I really don't agree with this. But I've seen "GP" cover so many different aspects that I really don't have a clear idea what you may be alluding to.
Well, colloquially, the GPGPU domain is considered everything that up until recently would run on CPUs, but today is being migrated to GPUs. Just because GPUs do these tasks better today. The fact a given 'GP' task historically started life on CPUs does not mean CPUs were well suited for it, or that the task was 'GP' as per today's understanding - CPUs are the default choice for a lot of tasks just due to historical reasons. I.e. until somebody discovers/designs a common part that does said task better.
GPGPUs are pretty much a huge collection of SIMD units. Alot like Cell SPE's except exponentially more HP.
Entire domains of tasks could benefit from a huge collection of ALUs, SIMD or otherwise.
It shares the same drawbacks though.
1. Memory Latency. The hardest one to shake because GPUs are sorta built to tolerate latency rather than combat it.
I'm not sure I follow. What's the difference between tolerate and combat in this case?
2. A Wide-Simd lane so it will generally struggle with anything logical
You mean it won't be efficient. But whether it will struggle or not depends on what is the logical code under consideration and what is the GPU ISA.
3. A lack of branch HW. This was the case for this gen so it won't be that big of a change next-generation but the few developers I know aren't fond of this at all.
I assume you mean lack of branch prediction hw, since GPUs have had flow control hw for some time now. It's not equivalent to CPU branch hw, but it could not be - branching in a massively parallel processor is an entirely different problem to branching in a single control flow.
Personally, I would rather just integrate a few decent SIMD units in the CPU and let my GPU do its thing but perspective is always intresting.
What would you rather see?
Of course a CPU needs its 'private' SIMD units, if nothing else just for sporadic low-latency tasks. The tricky question, though, is: How much is enough? Are you sure you're spending your transistor budget wisely by placing those SIMD units with the CPU?

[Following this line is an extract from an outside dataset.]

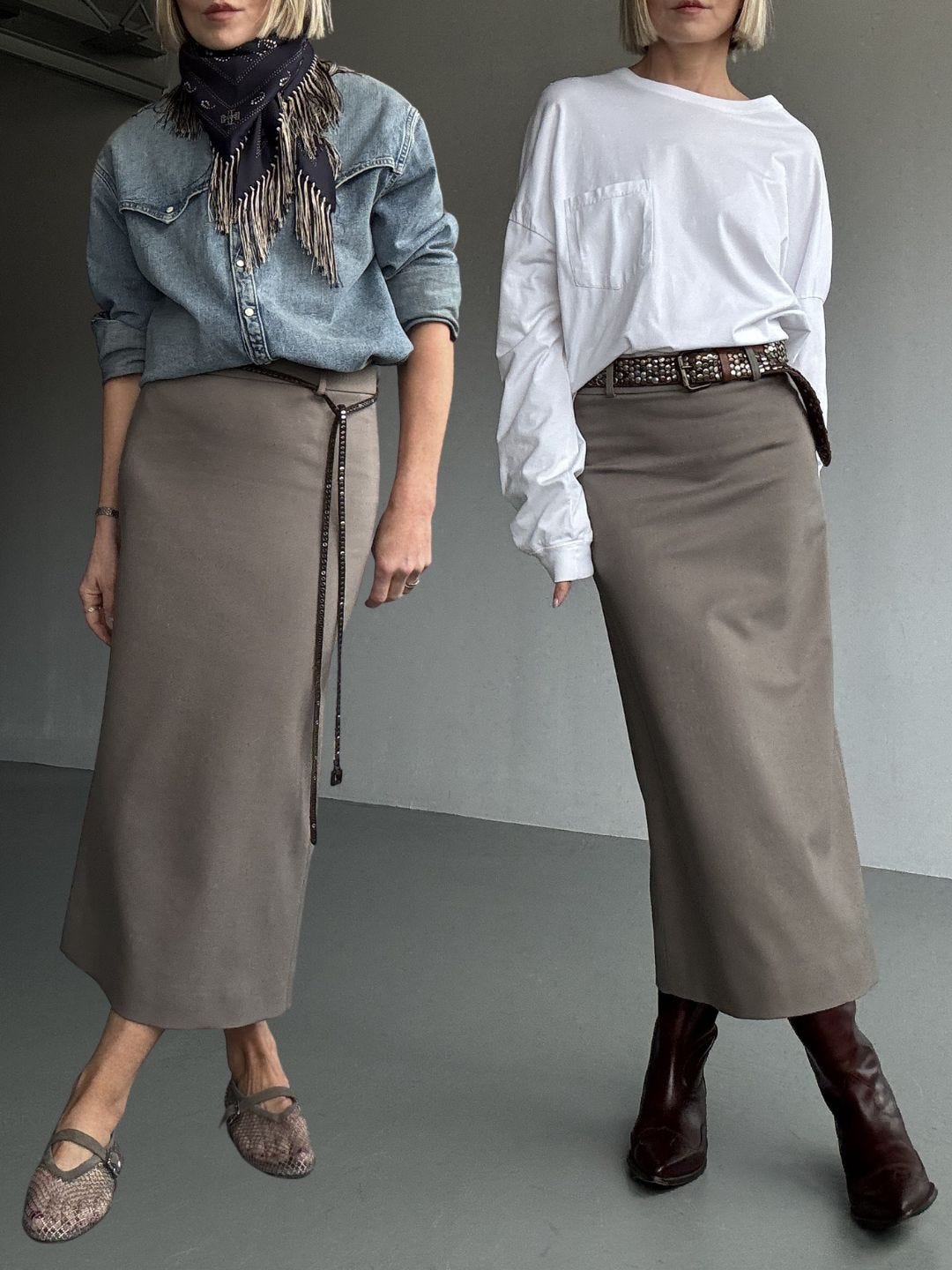 And then the update. This season I added a version with belt loops, which makes it even more workable. It lets you define the waist, shift proportion, and change the mood without changing the skirt.

Surprisingly (or not) here's what Intel more or less did with Larrabee - they took some mature-design cores, slapped some advanced-design SIMD silicon on them (and by that I mean lots and lots of it), packed them all together on a coherent fat SMP infrastructure and gave that contraption to some very clever sw guys (game industry veterans, et al) to 'do something amazing with it'. We know how that ended - Larrabee could run its own debugger, but at performance/watt at typical GPU tasks it could not compete with actual GPUs. So a CPU with tons of SIMD resources is not the panacea some saw in it.

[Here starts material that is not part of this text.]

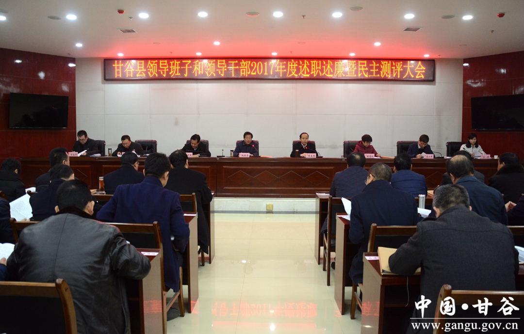 在当日上午召开的甘谷县领导班子及领导干部2017年度述职述廉暨民主测评大会上,县委书记贾忠慧代表县委常委班子作述职述责述廉报告和个人述职述廉报告,县委副书记、县长申君明代表县政府班子作述职述责述廉报告和个人述职述廉报告,考核组人员对我县市管领导班子和领导干部进行了民主测评。

I started my career with software rasterizers, so I'm not cold to GP-friendly SIMD arrays myself. Heck I fancy them. I even might actually think they're the future of graphics. But fat SIMD arrays have their own specific needs, which may not align well with the needs of a common CPU design, BW being a very apparent discrepancy, another being the lack of massive hw schedulers in the CPU (hyperthreading is barely scratching the surface of GPU schedulers). By putting such SIMD resources too deep in the CPU domain you inadvertently subject them to the 'ways of the CPU' - sw scheduling, small mem pools of big BW and large pools of not-so-big, perhaps abysmal (for the SIMDs) BW.